Es heißt, Sie seien beim FC Bayern zu undiszipliniert gewesen.

Karim Adeyemi: Ich war ein Kind, ich habe keine schlimmen Sachen gemacht. Ich war sehr jung, kindisch, verspielt, das würde ich nicht als undiszipliniert bezeichnen. Das Gute: Mit Unterhaching wurden wir in der Jugend schnell besser als Bayern. Es kam Rivalität auf, wir konnten sie besiegen.

Karim Adeyemi über seine neue BVB-Heimat: "Mir fehlen die Berge"

Zeigt Ihre Karriere, dass man auch über Umwege nach oben kommen kann?

Karim Adeyemi: Man muss nicht in so jungen Jahren schon beim FC Bayern spielen. Es ist wichtig, in der U14 oder U15 den Schritt ins Nachwuchsleistungszentrum zu schaffen. Aber nicht mal da muss man unbedingt bei einem Topverein sein. Wichtig ist, dass man sich wohlfühlt.

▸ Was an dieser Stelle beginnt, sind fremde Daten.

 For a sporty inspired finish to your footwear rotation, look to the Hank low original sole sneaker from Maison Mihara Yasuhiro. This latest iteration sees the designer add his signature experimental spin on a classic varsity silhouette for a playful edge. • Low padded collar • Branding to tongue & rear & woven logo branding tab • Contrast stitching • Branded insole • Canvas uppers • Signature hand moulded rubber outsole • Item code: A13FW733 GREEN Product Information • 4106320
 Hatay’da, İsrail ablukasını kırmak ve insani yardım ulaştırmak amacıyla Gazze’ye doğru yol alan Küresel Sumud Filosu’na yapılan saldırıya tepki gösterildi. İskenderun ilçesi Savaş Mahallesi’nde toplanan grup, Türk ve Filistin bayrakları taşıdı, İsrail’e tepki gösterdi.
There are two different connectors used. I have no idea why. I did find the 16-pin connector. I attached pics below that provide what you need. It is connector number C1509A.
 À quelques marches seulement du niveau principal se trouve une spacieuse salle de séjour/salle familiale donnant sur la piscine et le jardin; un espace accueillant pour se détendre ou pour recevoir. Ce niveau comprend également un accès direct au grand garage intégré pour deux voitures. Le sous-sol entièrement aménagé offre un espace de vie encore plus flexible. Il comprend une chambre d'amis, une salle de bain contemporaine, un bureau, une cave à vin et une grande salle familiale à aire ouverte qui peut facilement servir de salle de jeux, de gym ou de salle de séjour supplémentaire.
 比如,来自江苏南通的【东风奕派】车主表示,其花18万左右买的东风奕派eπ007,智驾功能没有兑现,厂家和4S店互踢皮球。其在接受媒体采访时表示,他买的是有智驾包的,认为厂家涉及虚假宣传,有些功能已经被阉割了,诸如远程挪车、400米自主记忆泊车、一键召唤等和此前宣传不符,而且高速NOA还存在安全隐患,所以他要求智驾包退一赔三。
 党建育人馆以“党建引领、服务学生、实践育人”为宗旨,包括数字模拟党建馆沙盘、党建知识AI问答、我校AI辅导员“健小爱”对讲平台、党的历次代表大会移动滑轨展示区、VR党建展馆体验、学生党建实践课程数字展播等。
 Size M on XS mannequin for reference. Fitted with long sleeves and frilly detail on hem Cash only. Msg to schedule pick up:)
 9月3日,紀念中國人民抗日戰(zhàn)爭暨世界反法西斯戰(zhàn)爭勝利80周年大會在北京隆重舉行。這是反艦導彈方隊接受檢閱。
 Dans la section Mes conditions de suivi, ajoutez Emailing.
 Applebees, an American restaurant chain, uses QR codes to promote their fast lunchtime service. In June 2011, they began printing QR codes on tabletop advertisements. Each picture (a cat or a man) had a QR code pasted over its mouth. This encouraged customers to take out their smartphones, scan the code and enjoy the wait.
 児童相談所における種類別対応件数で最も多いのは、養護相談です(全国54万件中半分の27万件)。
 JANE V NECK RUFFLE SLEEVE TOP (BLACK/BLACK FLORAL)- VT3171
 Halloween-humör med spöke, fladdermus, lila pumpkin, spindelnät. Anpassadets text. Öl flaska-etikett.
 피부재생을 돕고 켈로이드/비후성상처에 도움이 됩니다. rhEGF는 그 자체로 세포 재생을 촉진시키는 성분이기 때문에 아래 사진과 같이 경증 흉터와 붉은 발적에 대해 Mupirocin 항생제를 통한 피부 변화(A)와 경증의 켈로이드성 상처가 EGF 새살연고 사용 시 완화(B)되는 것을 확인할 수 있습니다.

Salto kann er auch, wenn er für den BVB trifft: Karim Adeyemi.
Salto kann er auch, wenn er für den BVB trifft: Karim Adeyemi. © firo

Ist der Wohlfühlfaktor für Sie entscheidend?

Karim Adeyemi: Absolut, deswegen spiele ich in Dortmund. Die Stadt ist sicher anders als München. Mir fehlen die Berge. Aber ich fühle mich in meinem Zuhause, im Verein und in der Kabine wohl. Das passt.

Schon in jungen Jahren wurde viel Geld für Sie ausgegeben. Belastet das?

Karim Adeyemi: Ich habe von anderen Spielern gehört, dass sie Druck aufgrund einer hohen Ablösesumme verspüren. Bei mir ist das anders, ich bleibe sehr entspannt. Ich sage mir immer: ,Es kommt so, wie es kommen soll.‘ Ich habe ja selbst reflektiert, dass das erste halbe Jahr in Dortmund enttäuschend verlief. Schlimmer wird es nicht mehr werden.